British holiday resorts are great, but there's something ever so slightly depressing about them when it's just out of season, old couples clinging on to deckchairs in gale force winds, miserable rain, empty (dangerous) rides, tired, snotty nosed kids eating Ice Cream out of traditional habits, beggars wanting to finish the tray of chips you've just bought for £9.50 on the Pier. I enjoy the seaside though, don't get there enough. There's something dead soothing about the ocean and the fresh sea air. I could live there, all we have is a dirty river. Brighton is nice, I have no fondness for it's Northern counterpart of the same initial, it's a shithole, it's sleazy and from past experience nasty and dangerous. Brighton is trendy, laid back and there's a lot going on, there's hipsters, hobos, and a melting pot of easy going folk. You catch my drift.
The last time I visited Brighton must have been around a decade ago, my team, doing fairly well, beat Brighton at that awful Withdean stadium. Brighton now sit in the second tier, we just lost to Vauxhall Motors. So fuck football!
That took us a million years to get there, I'd recommend going via London Bridge, it only took us an hour, so three hours all in to get there from up North, albeit broken up by a few hours in the capital via that shouty woman in the ever excellent Regency Cafe in Pimlico.
The basis of this weekend trip was a gathering of likeminded 'Connoisseurs'. Basically, men off the internet (our forum) meet up in random towns and cities, a few times a year and get slowly drunk. A friend of ours came over from Italy for his 40th, so we all congregated at the seaside for an all dayer and as long as the night would last too. Landlords braced themselves for an invasion of CAMRA men with cameras, beards, nice coats and shoes as they strutted their stuff in Sussex. A good day was had, which finished with a handful of us looking for the 'Bellboy' hotel on the seafront at 3 in the morning, like you do. You know you've had a good time when you still feel horrible come the following Wednesday, it's all worth it though.
Above, The Prince Albert, an original protected 'Banksy' piece, the kissing coppers, sits framed amongst some famous, if ever so slightly warped faces.
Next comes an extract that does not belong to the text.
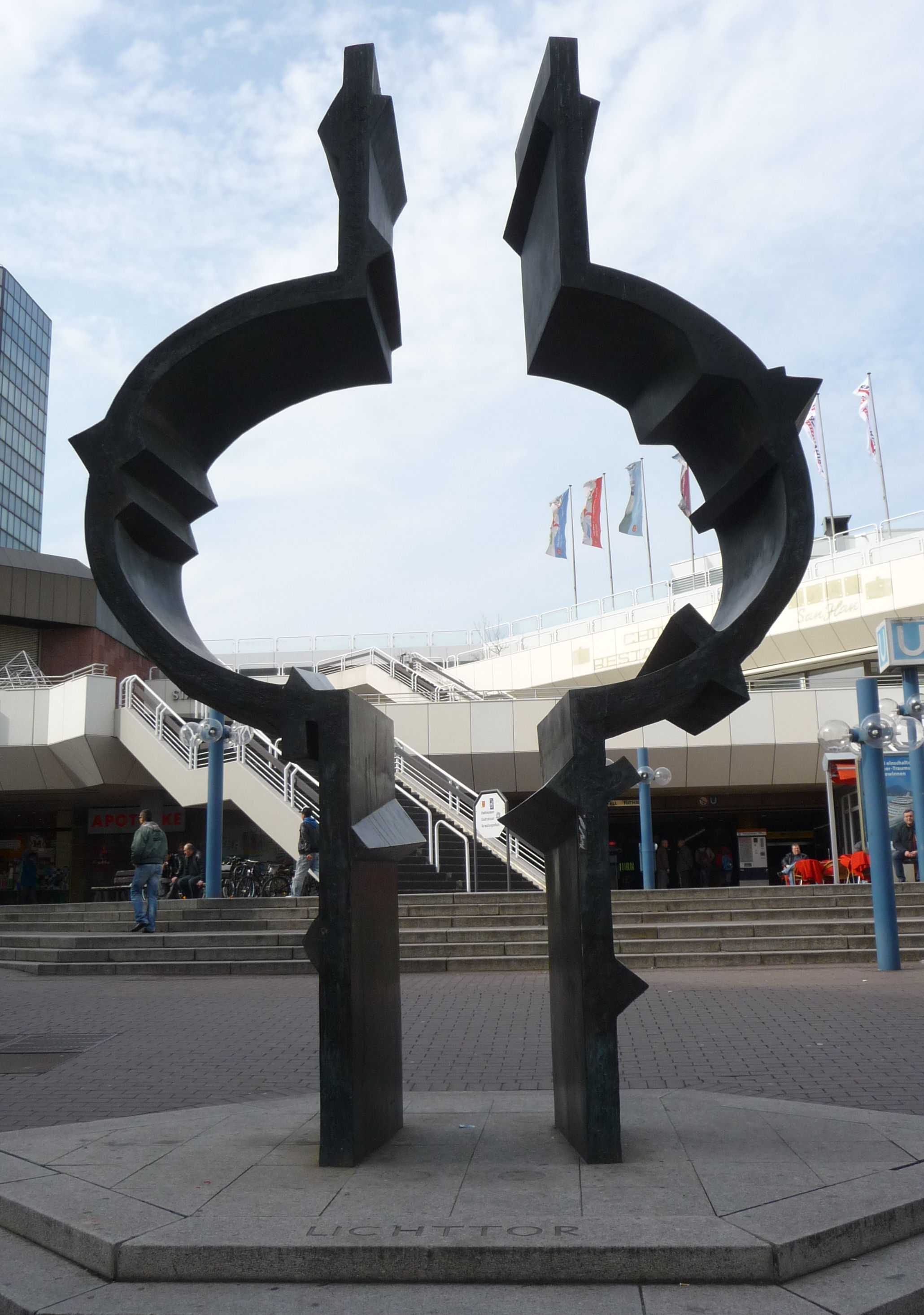 Sculpture (1979) by Wolf Spitzer in Ludwigshafen, Germany

Better than I could do though, like.
Friday night was a washout, literally, my Wallabees and jeans are still wet now, it pissed down as biting winds battered my face, tea in Harry Ramsdens was followed by a very wet pub crawl, starting in Brighton's answer to the Blue Oyster (by accident) via the Craft Beer Co (by default) and finishing at the crap club beneath our hotel. Saturday, a pre drawn up [geeky] pub crawl as around 25 of us from all over met up and did the 'Laines'. The day passed by quickly, too quickly really, and as we finished up at a bar sat right on the beach, I decided to go for a pissed paddle in the English Channel at one o'clock in the morning, like you do.
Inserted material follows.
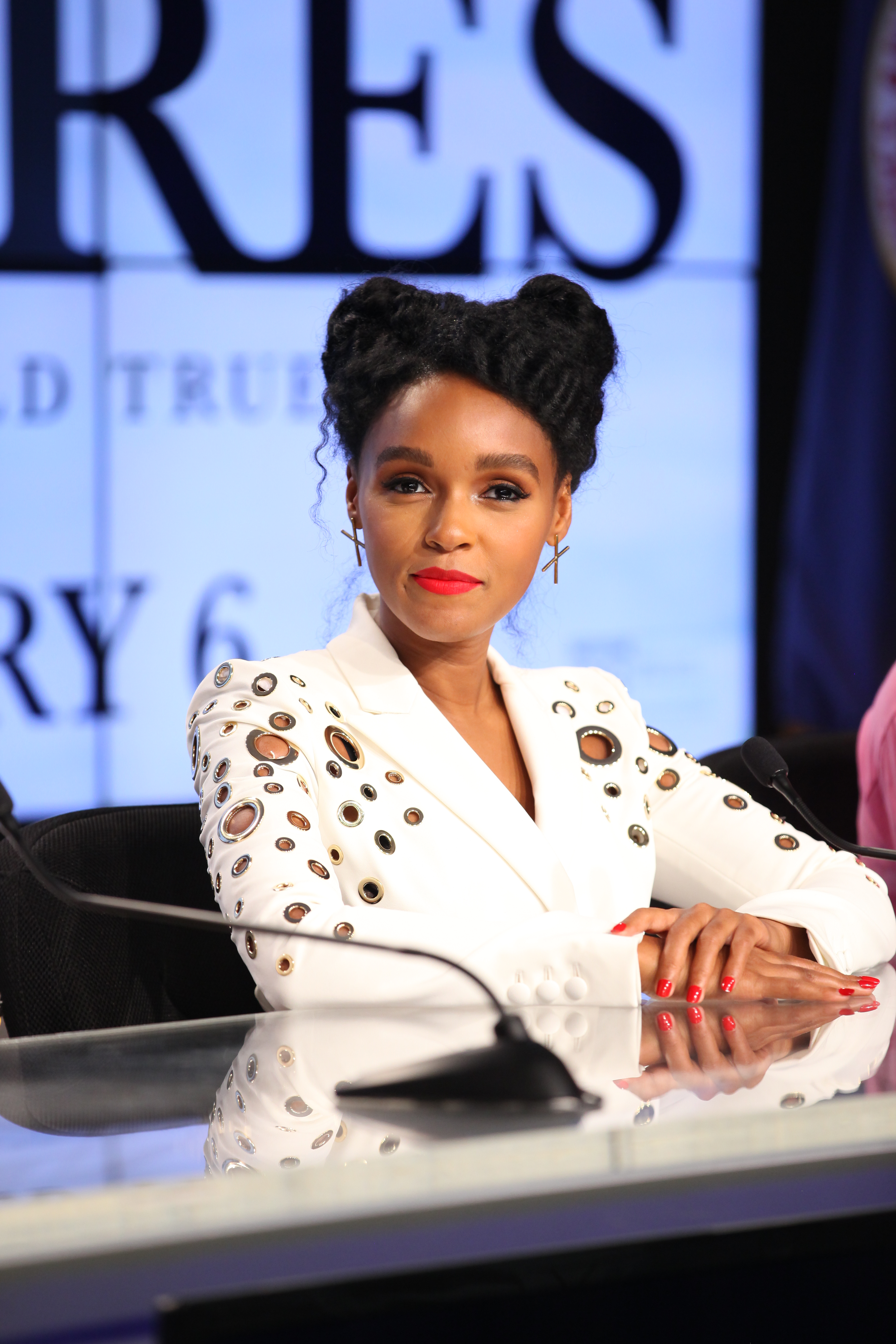 In the Press Site auditorium at the Kennedy Space Center in Florida, Janelle Monáe, speaks to members of the media during a news conference with other key individuals involved in the upcoming motion picture "Hidden Figures." The movie is based on the book of the same title, by Margot Lee Shetterly. It chronicles the lives of Katherine Johnson, Dorothy Vaughan and Mary Jackson (portrayed by Monáe), three African-American women who worked for NASA as human "computers.” Their mathematical calculations were crucial to the success of Project Mercury missions including John Glenn’s orbital flight aboard Friendship 7 in 1962. The film is due in theaters in January 2017. Photo credit: NASA/Kim Shiflett NASA image use policy.
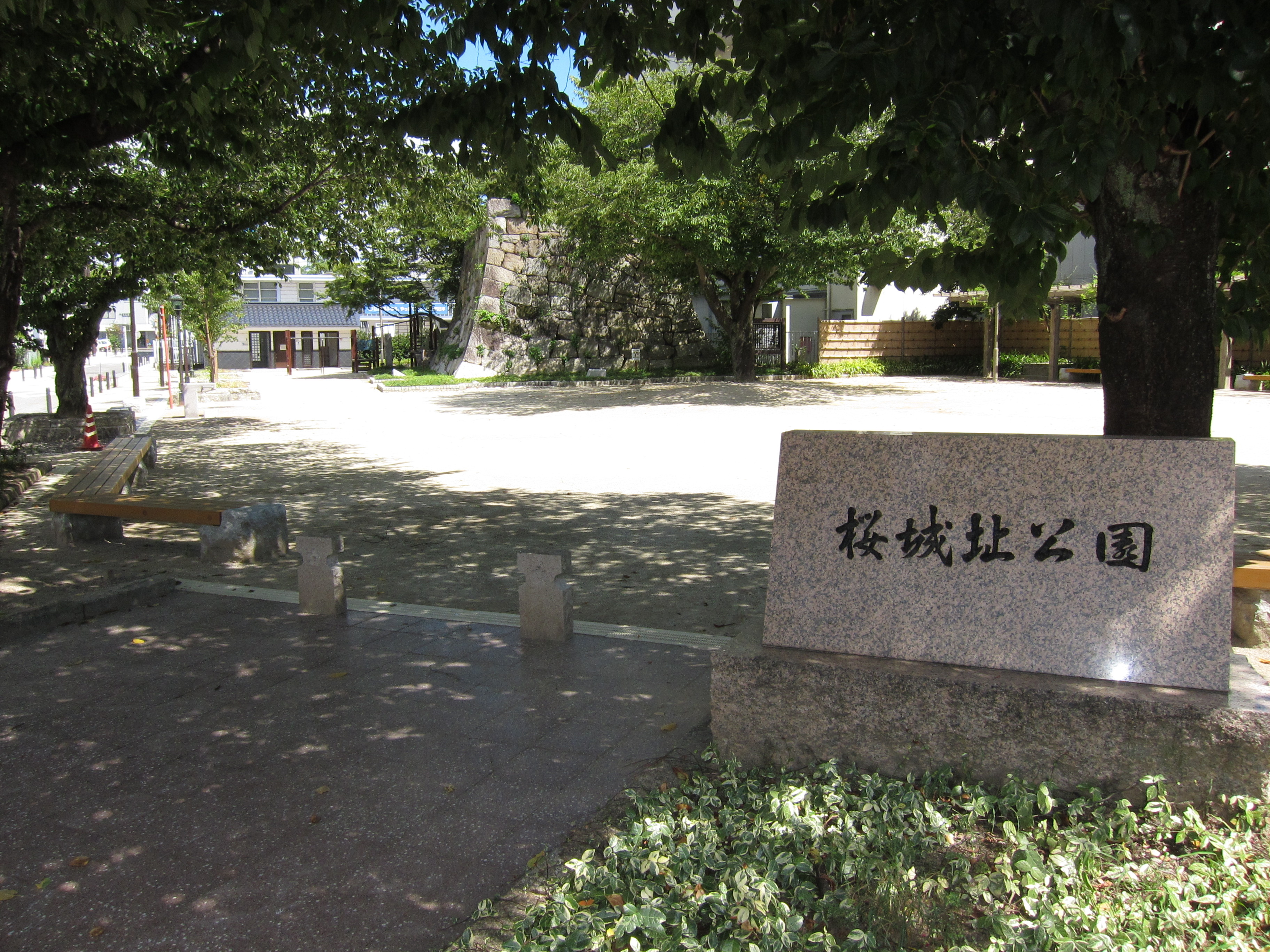 Sakurajoshi Park, Toyota, Aichi, Japan

That pebbly beach is perilous to anyone, not least when you've had about nineteen pints, why can't it be sand like any other beach? My feet still ache now, I somehow managed to stay on my feet and keep my 6876 Brecon as dry as it had kept me all day, so happy days. We finished off in the slightly surreal 24 hour Cafe 'Buddies', a load of drunken zombies eating Full English breakfasts at 2:30am, with bouncers on the door. Mental!
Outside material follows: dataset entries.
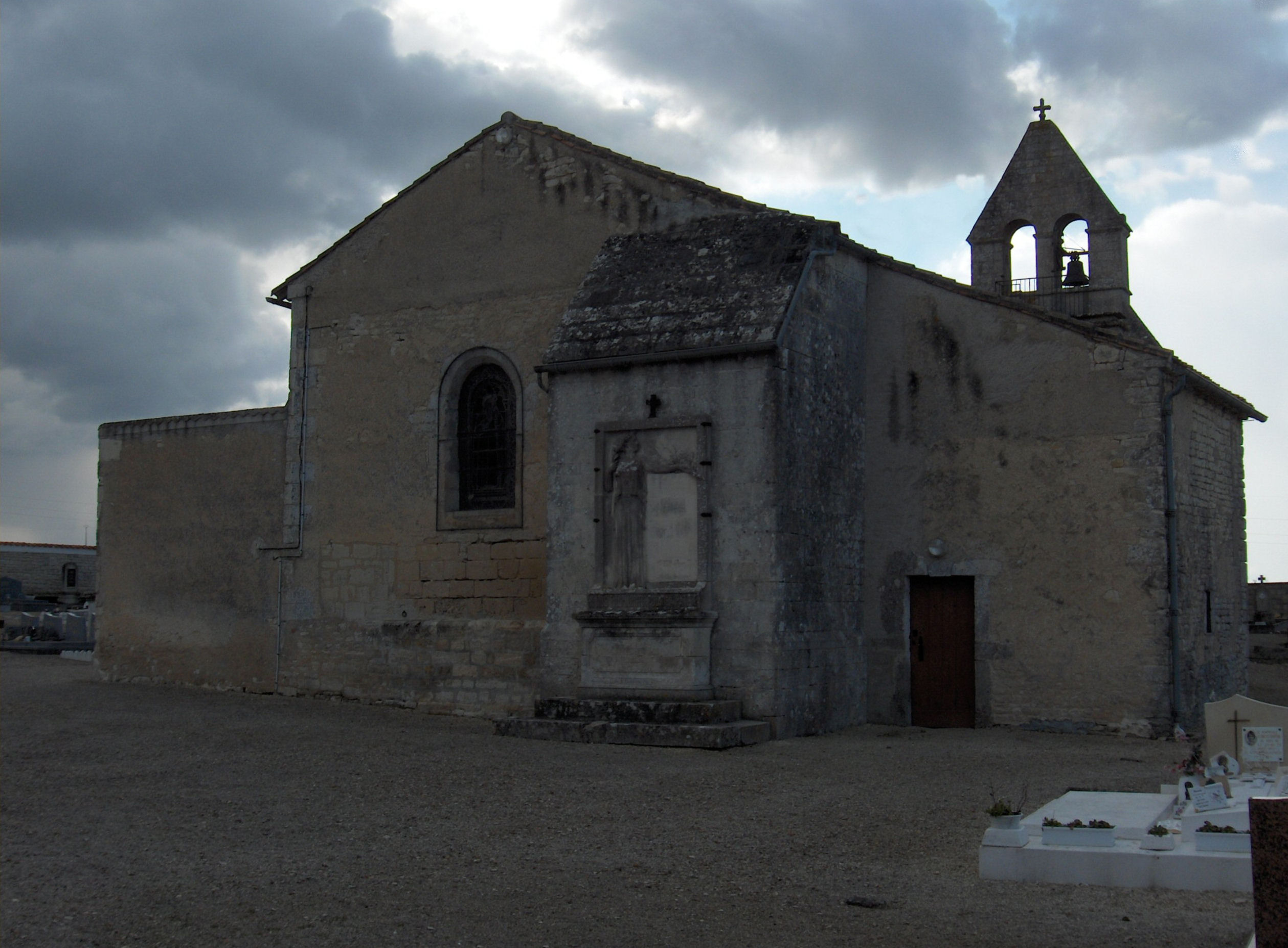 Church of Oradour - Charente - France - Europa
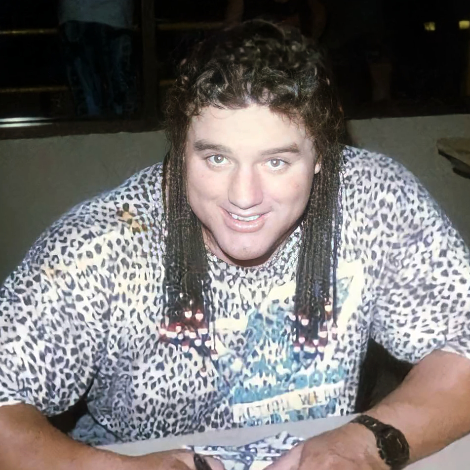 He Gave Me His Autograph
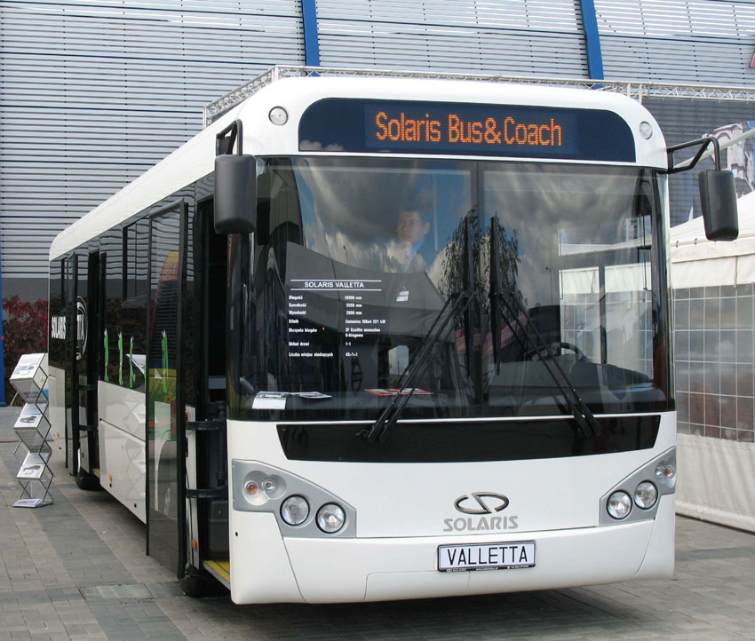 Solaris Valletta intercity bus in Kielce, Poland. Built 2007. Transexpo 2007.
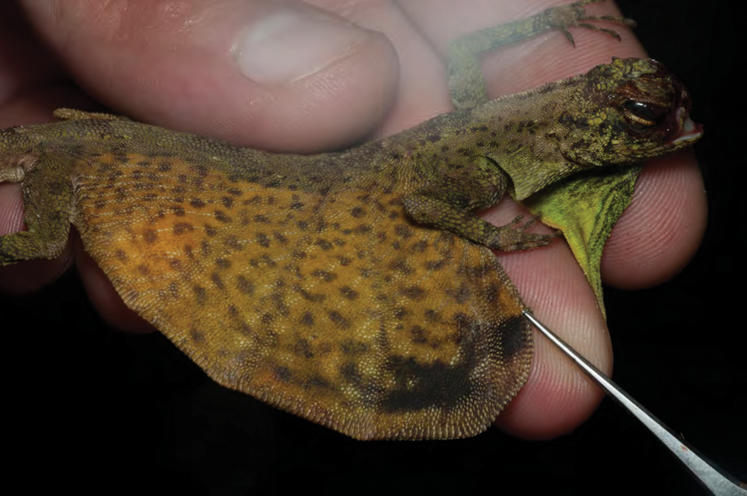 Male Draco spilopterus (KU 330062) from low-elevation, Mt. Cagua (just above Barangay Magrafil). Photo: RMB.
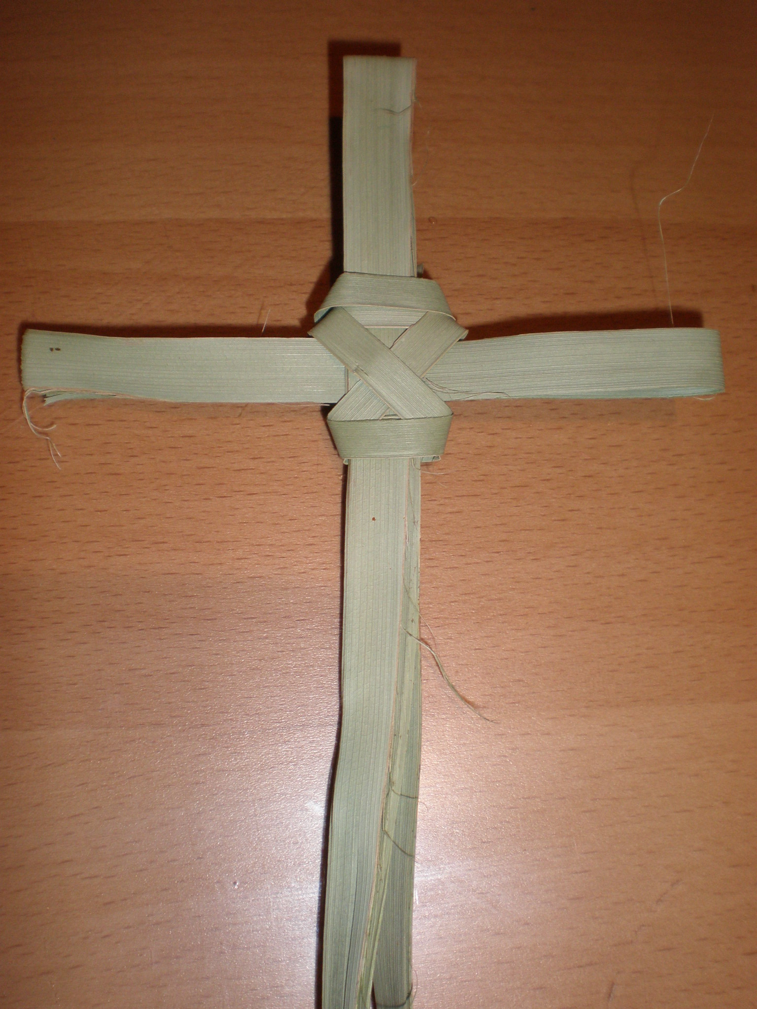 A cross woven out of palm leaves distributed on Palm Sunday, 2008

A Sunday stroll saw loads of mods and rockers converging along the seafront, as they probably do every other Sunday, I guess. Time changes things, so none of them were kicking seven shades of shit out of eachother as I thought in my head, they might. Instead, they all at outside Burger King and listened to Radio One on a wireless, together. Lots of varied scooters on show, many displaying loads of nice chrome, headlights and mirror combinations, and, it has to be said one or two of those over the top divvy mods with those pathetic Terrahawks haircuts.
As we're big fans of the cult film Quadrophenia, who isn't? it wouldn't be right to not pay the famous passage a visit, situated between two shops off East St along the main drag . A lot has changed since Phil Daniels and Leslie Ash sneaked away from the Police and had a quick stand up bonk. But, as passages go, not a lot can be changed and not a lot has, so being a film geek I was in some kind of element. Visiting Scooter Clubs had paid tribute in graffiti form, some others with stickers! A personal highlight the day before was our friend, a very attractive Italian modette, asking me to recreate 'Jimmy and Steph', no, not literally. But it was fun while it lasted and I'll cherish the photos!